— What you are asked to do —
Nothing outside the range is to be copied. From the entries below, reproduce exactly the lines starting at the one with "WX-2025春季新款真丝旗袍中式桑蚕丝连衣裙手工缝制送考宴席日常可穿" and ending at the one with "In a previous", without pictures.
____
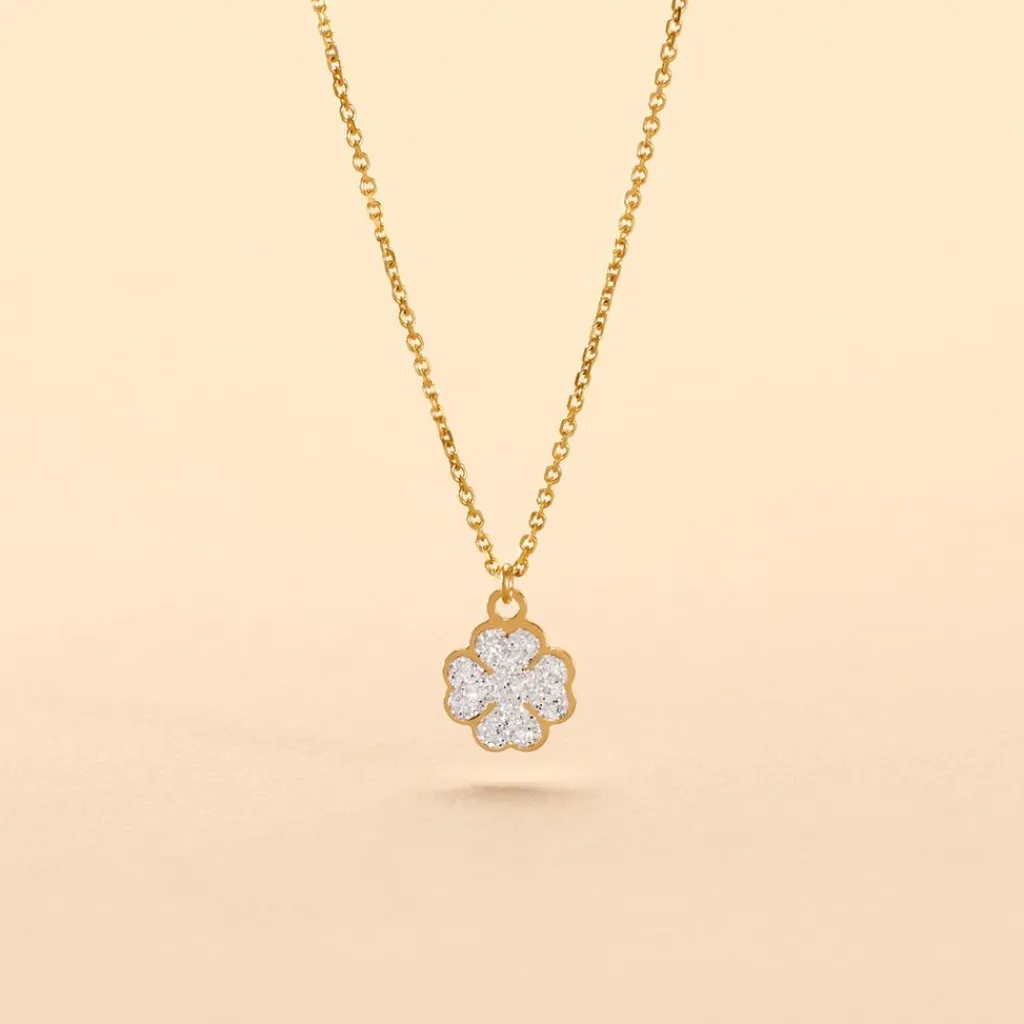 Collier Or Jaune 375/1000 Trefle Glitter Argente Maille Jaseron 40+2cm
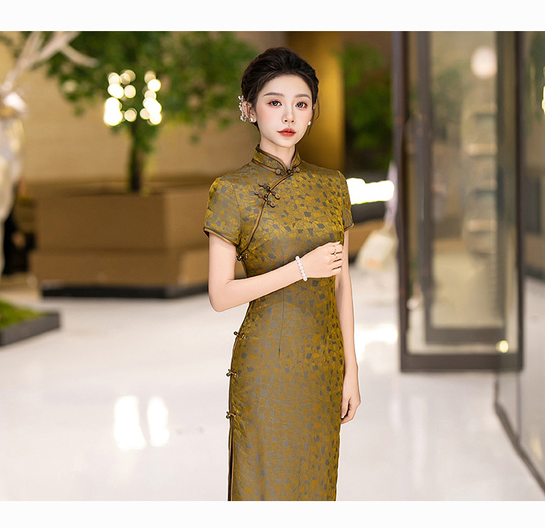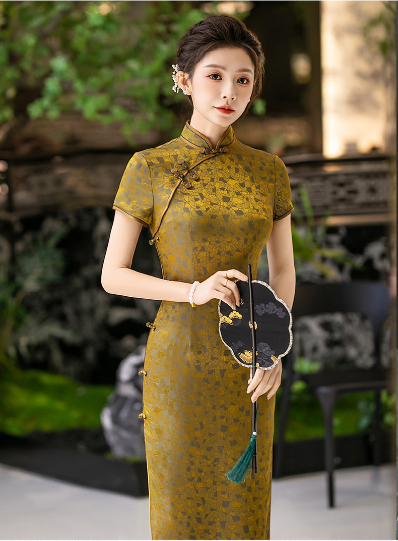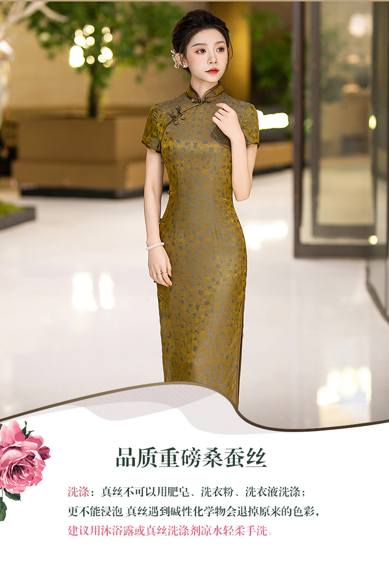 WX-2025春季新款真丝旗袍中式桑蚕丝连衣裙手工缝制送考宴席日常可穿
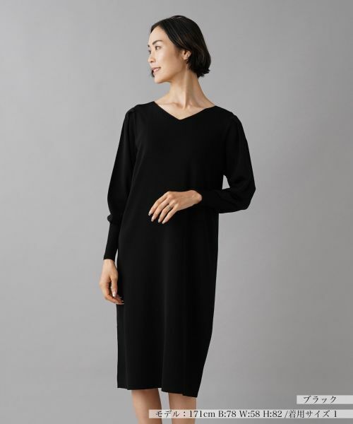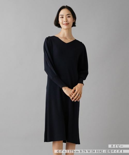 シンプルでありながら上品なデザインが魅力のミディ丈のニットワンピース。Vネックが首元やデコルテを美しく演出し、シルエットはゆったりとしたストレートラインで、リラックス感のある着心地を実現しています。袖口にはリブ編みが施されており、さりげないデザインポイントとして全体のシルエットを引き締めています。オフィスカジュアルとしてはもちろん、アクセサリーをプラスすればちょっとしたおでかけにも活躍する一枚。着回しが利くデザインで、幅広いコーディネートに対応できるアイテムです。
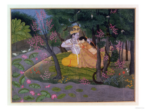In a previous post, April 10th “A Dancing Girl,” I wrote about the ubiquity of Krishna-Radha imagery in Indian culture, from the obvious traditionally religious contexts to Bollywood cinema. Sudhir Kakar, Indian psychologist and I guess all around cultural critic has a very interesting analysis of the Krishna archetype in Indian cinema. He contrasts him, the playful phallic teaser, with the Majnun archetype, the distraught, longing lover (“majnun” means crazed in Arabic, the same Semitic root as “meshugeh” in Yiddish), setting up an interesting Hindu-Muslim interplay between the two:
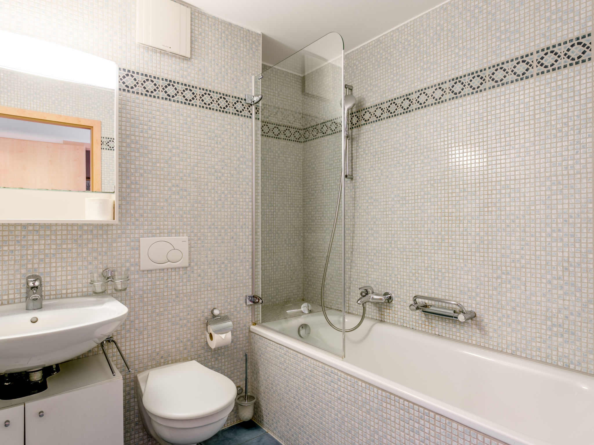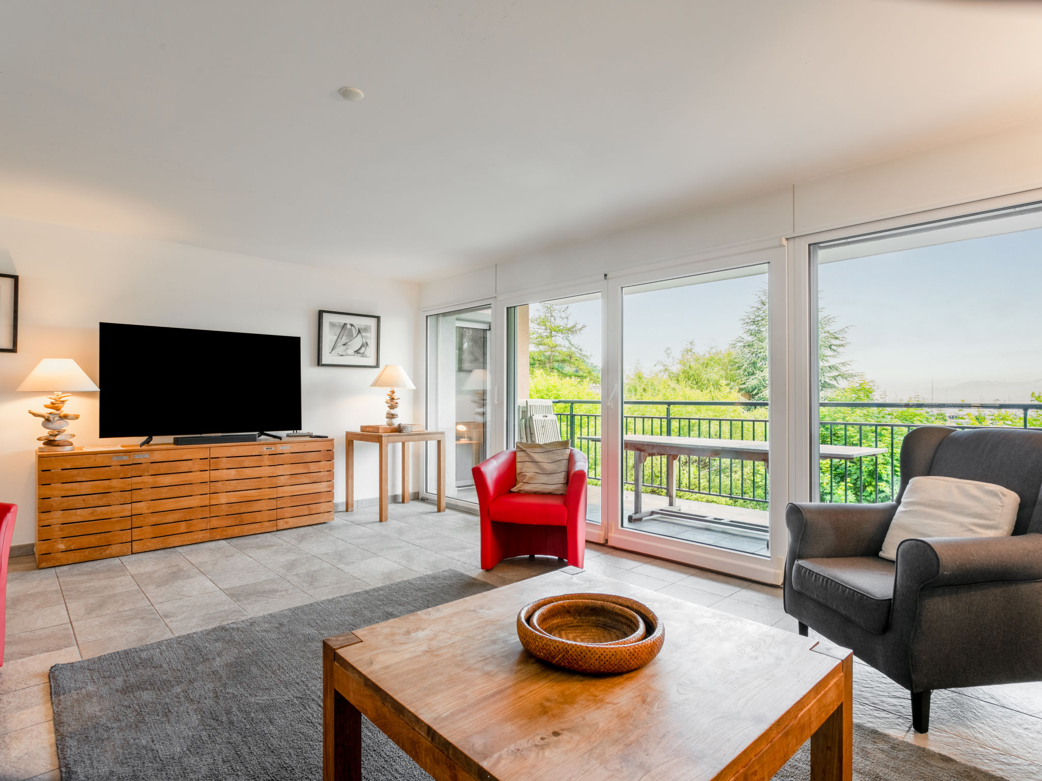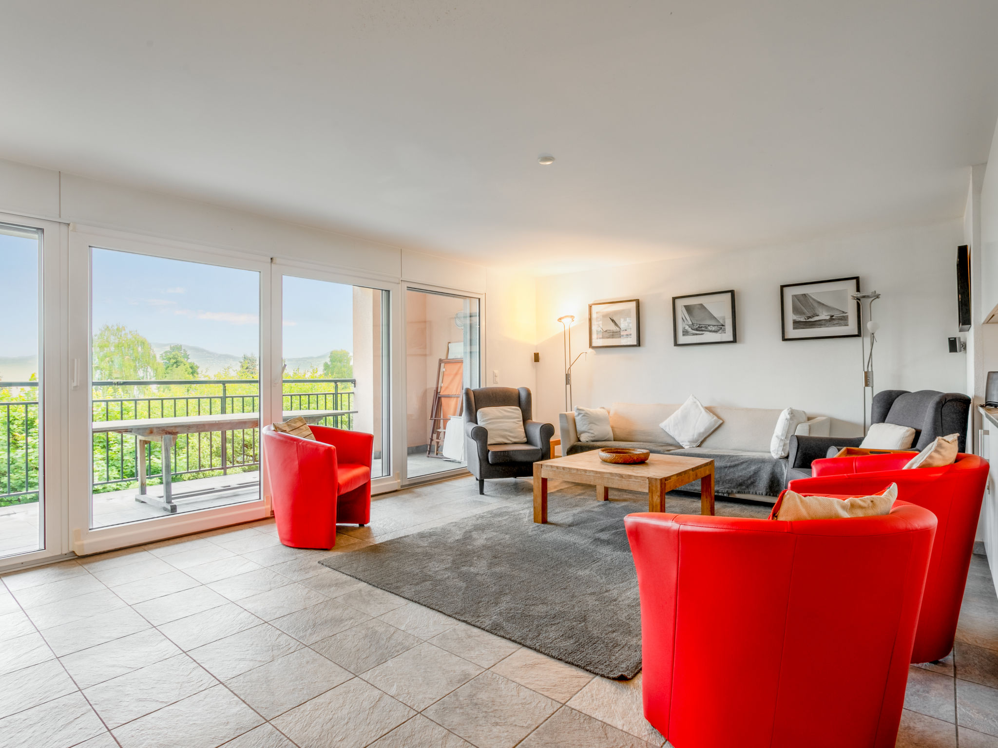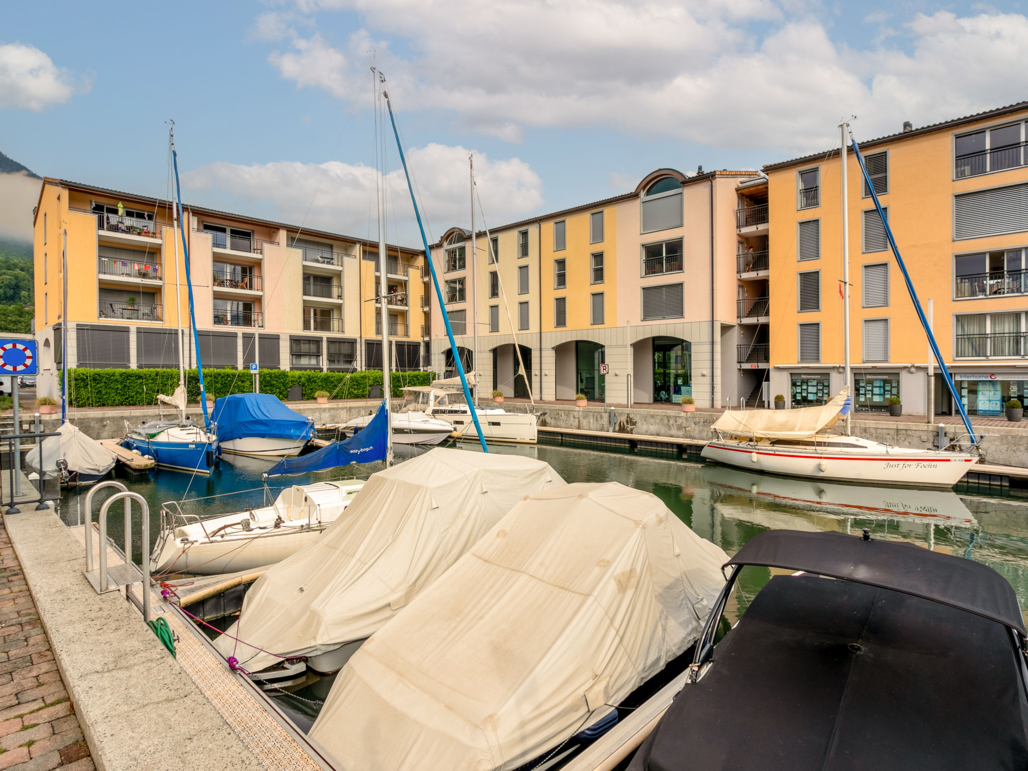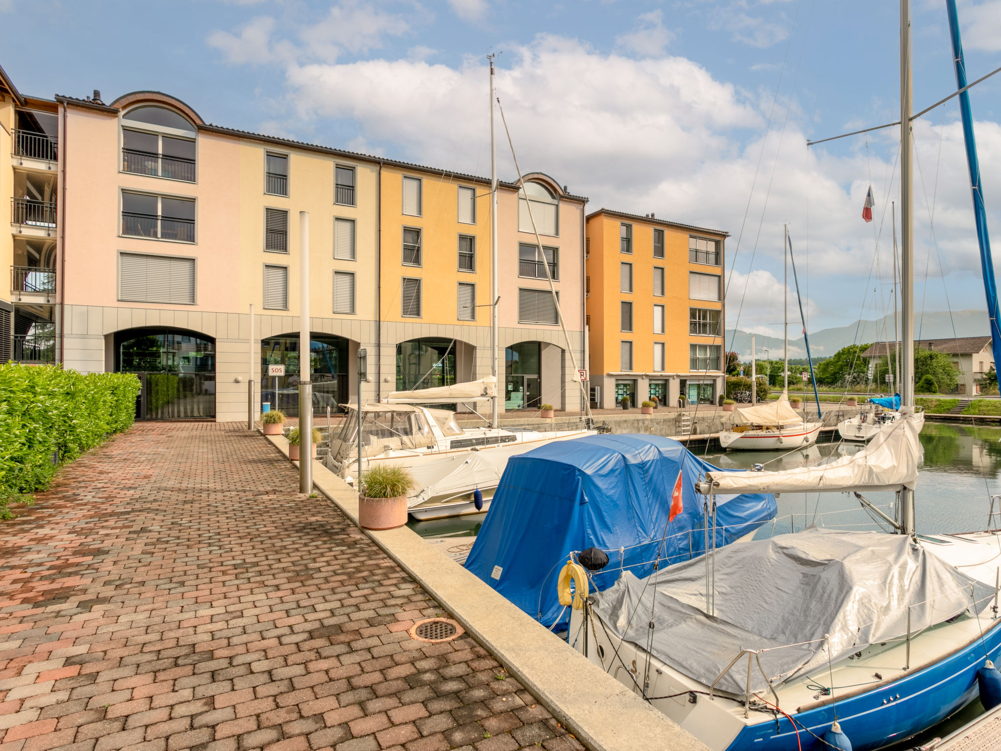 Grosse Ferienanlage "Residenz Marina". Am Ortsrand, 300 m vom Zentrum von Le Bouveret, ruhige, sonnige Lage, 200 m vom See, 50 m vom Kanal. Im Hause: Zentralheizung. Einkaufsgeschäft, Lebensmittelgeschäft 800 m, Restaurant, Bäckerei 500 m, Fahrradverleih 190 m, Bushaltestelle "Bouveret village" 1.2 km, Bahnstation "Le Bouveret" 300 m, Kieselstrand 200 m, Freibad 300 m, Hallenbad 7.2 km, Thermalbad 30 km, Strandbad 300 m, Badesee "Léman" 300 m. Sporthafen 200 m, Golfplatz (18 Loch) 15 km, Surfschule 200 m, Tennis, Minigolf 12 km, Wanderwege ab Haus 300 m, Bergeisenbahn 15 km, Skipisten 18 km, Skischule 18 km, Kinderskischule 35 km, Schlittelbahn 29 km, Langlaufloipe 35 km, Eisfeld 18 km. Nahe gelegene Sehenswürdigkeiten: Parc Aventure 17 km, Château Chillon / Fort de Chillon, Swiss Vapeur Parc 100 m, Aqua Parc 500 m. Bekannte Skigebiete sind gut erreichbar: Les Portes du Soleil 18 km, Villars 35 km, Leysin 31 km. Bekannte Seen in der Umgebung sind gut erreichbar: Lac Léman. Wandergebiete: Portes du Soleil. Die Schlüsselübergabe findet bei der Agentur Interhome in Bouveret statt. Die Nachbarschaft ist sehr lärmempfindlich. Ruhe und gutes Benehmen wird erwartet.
____
— Reply to the exercise —
 WX-2025春季新款真丝旗袍中式桑蚕丝连衣裙手工缝制送考宴席日常可穿
 シンプルでありながら上品なデザインが魅力のミディ丈のニットワンピース。Vネックが首元やデコルテを美しく演出し、シルエットはゆったりとしたストレートラインで、リラックス感のある着心地を実現しています。袖口にはリブ編みが施されており、さりげないデザインポイントとして全体のシルエットを引き締めています。オフィスカジュアルとしてはもちろん、アクセサリーをプラスすればちょっとしたおでかけにも活躍する一枚。着回しが利くデザインで、幅広いコーディネートに対応できるアイテムです。
In a previous post, April 10th “A Dancing Girl,” I wrote about the ubiquity of Krishna-Radha imagery in Indian culture, from the obvious traditionally religious contexts to Bollywood cinema. Sudhir Kakar, Indian psychologist and I guess all around cultural critic has a very interesting analysis of the Krishna archetype in Indian cinema. He contrasts him, the playful phallic teaser, with the Majnun archetype, the distraught, longing lover (“majnun” means crazed in Arabic, the same Semitic root as “meshugeh” in Yiddish), setting up an interesting Hindu-Muslim interplay between the two:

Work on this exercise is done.